Greece to complete bailout talks by Thursday: paper
Greece and a team of EU/IMF/ECB inspectors are set to conclude talks by Thursday on a medium-term fiscal plan including the government's progress toward meeting budget targets, a Greek newspaper reported on Wednesday.
Inspectors from the troika are in Athens to decide whether to release a tranche of 12 billion euros the country needs next month to avoid a default. In part due to IMF demands, discussions on a new package that would meet Greece's needs up to 2014 are also taking place.

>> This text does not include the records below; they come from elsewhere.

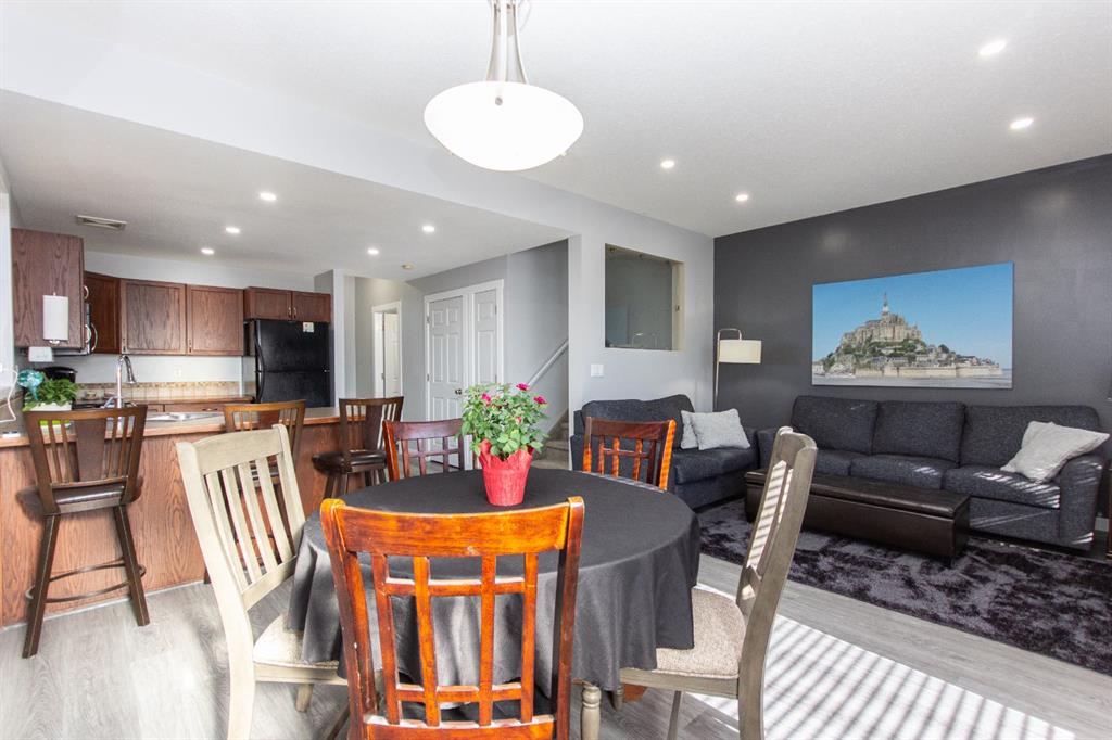 Step inside to a bright and inviting main floor featuring new vinyl flooring, modern paint, and an open-concept design that feels spacious and welcoming. The kitchen showcases rich dark cabinetry, black appliances, and plenty of counter space. It flows seamlessly into the dining and living areas, where large windows fill the home with natural light and create a warm, airy atmosphere.
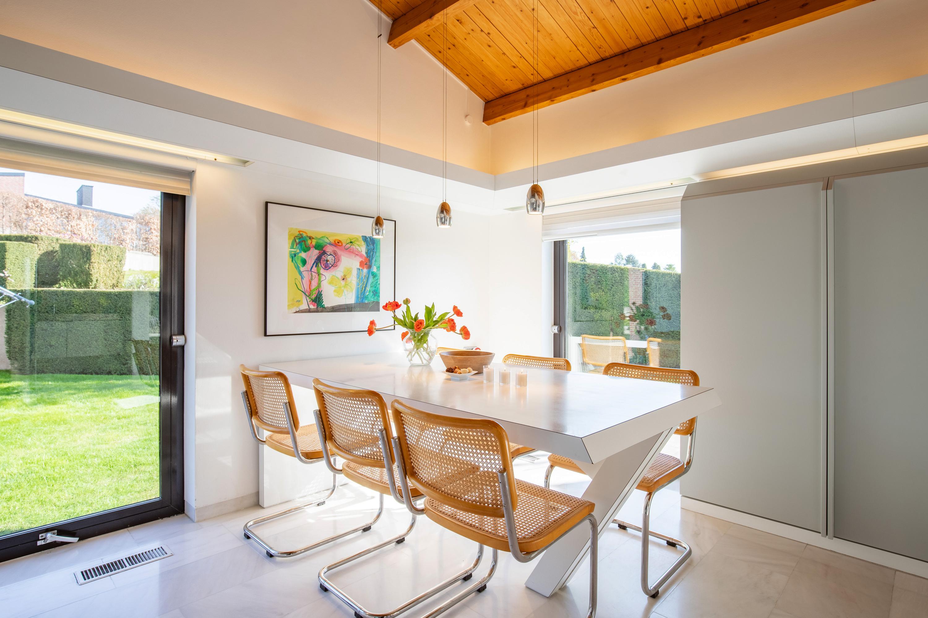 The villa features a highly varied and playful layout. The current owner uses it as a residence with a workspace, located in the spacious practice area on the ground floor. The property is accessible via a paved driveway. The driveway offers space for parking multiple vehicles. Covered entrance to the reception hall. From the reception hall, there is access to the two separate practice rooms currently used as a beauty salon. Utility room with mechanical systems. The indoor garage is equipped with two electrically operated sectional doors. The spacious garage offers parking for three vehicles. The utility room/storage area, located directly adjacent to the garage, is accessible from the garage. This space serves as the mechanical room for the indoor swimming pool. The fully tiled pool area is accessible via a spiral staircase from the master bedroom upstairs, as well as from the indoor garage. The pool measures approximately 45 m². This area also includes a separate restroom and shower room.
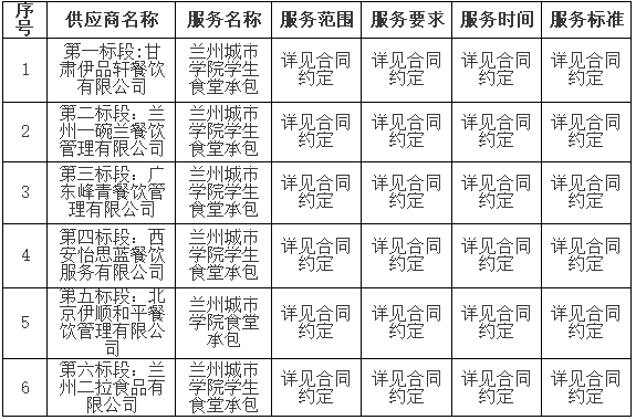 供应商名称:第一标段:甘肃伊品轩餐饮有限公司
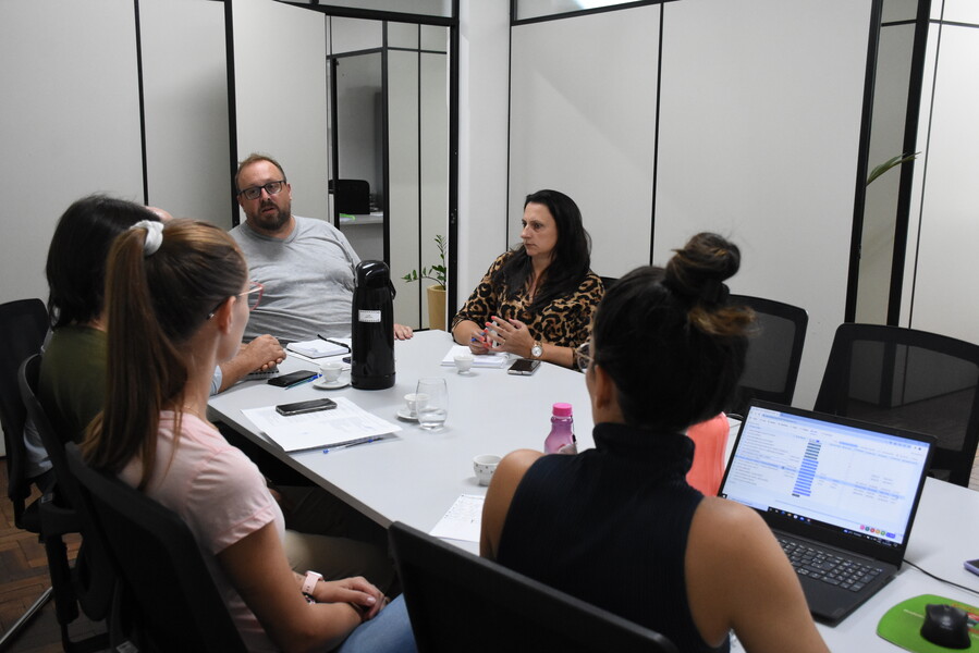 O grupo esteve conversando sobre trabalhos em andamento e projetos futuros, alinhando expectativas, planejando a diminuição de custos, entre outras pautas.
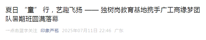近日,独树岗教育基地热闹非凡,由其联合广州工商学院会计学院缘梦团队共同开展的为期五天的暑期班圆满落幕。此次三下乡活动吸引了40多名学生踊跃参与,丰富多彩的课程让孩子们在夏日里收获了知识与快乐。

The new package, expected to total around 65 billion euros according to EU officials, could involve a mixture of collateralized loans from the EU and IMF, and additional revenue measures, with unprecedented intrusive external supervision of Greece's privatization program.
Government sources say talks with the 'troika' representatives will be completed by tomorrow morning at the latest, so that the 2011 measures and the mid-term fiscal plan come before a cabinet meeting for approval on Friday, daily Kathimerini said.
The German government has said that it expected the talks to be completed by the end of this week, or possibly early next week.
Germany's Frankfurter Allgemeine Zeitung newspaper reported that the IMF would not pay its share of the bailout tranche at end-June, but would take part in a new program for Greece.
A Greek finance ministry spokeswoman declined to comment.
The IMF said last week it would not release the next slice of aid to keep Greece afloat unless the EU guaranteed Athens' entire funding needs for the next 12 months.
That is problematic since under the current plan Greece would resume raising some money from the markets in March 2012 -- an assumption that is now unrealistic given sky-high Greek bond yields in secondary market trade.
European officials are holding talks in Vienna to sketch out options for a second bailout package, with private sector participation still under discussion to help relieve the country of its massive debt burden.
Deputy Prime Minister Theodoros Pangalos will also chair an interministerial meeting on Wednesday on moves to downsize the public sector and terminate some government bodies as Athens scrambles to cut its wage bill further.
A press conference will follow.
The government is considering shrinking, merging and terminating a number of agencies that have no substantive mission, keen to show its lenders it is determined to shrink the public sector.